Osteopathic physicians are trained to assess the symmetry of landmarks as a sign of potential disease and to use their resolution or lack of resolution as indicators of treatment success. Although asymmetries may be structural and not functional, the mean improvement of 2.4 fewer asymmetric landmarks for participants in the euhydrated condition indicates that OMT had a positive effect on those asymmetries that were functional. There was no mean difference in the number of asymmetric landmarks after OMT in the hypohydrated condition.

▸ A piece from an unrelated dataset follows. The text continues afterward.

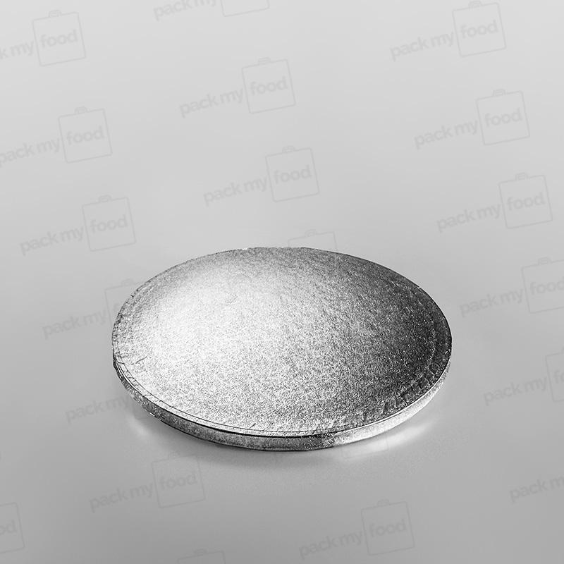 Our Silver Round Cake Drums are made of strong, recyclable paperboard with embossed foil.

Osteopathic manipulative treatment is effective at lowering self-reported pain immediately after treatment, regardless of hydration status, possibly indicating that the improvement is so noticeable to patients that their state of hypohydration does not negate the perceived difference after treatment. The differences in self-reported pain 3 days after treatment were not statistically significant between hydration conditions despite the fact that there was, in fact, a statistically significant change after the euhydrated treatment. This finding may be a result of the small sample, the mild nature of the patients' LBP (mean VAS score at baseline, 35 mm), or the relatively small changes in hydration status (10 of the 19 participants were <1% dehydrated according to BM measures). While the data demonstrate a statistically significant improvement in VAS 3 days after euhydrated treatments, it is possible that these factors prevented this finding from achieving a statistically significant difference from the VAS 3 days after hypohydrated treatments.

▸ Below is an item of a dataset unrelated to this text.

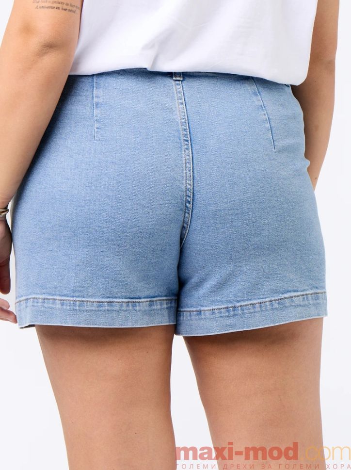 Къси дамски дънки с висока талияДънкови шорти с плетени джобове

The main areas of methodologic weakness in the present study were the size of the study group, subjective and temporal nature of the outcome measures, and lack of a placebo control. This study relied on subjective outcome measures, as reported by both the study physicians and the participants themselves. Although these measures were selected because of the confounding nature of objectively measuring OMT outcomes, and although few previous studies have successfully used objective measures, the subjective measures still pose a weakness. The study participants provided information about pain immediately and 3 days after treatment, but they were not followed up long enough to provide information about functional changes. The short period of euhydration or hypohydration and the lack of extended follow-up for structural and somatic changes are limitations of this study because trends over time or with repeated sessions could not be addressed. Regarding a control group, the potential for LBP improvement with minimal or no treatment in each hydration status was not addressed, and therefore the effects of hydration status alone on LBP cannot be differentiated from those of hydration status coupled with OMT.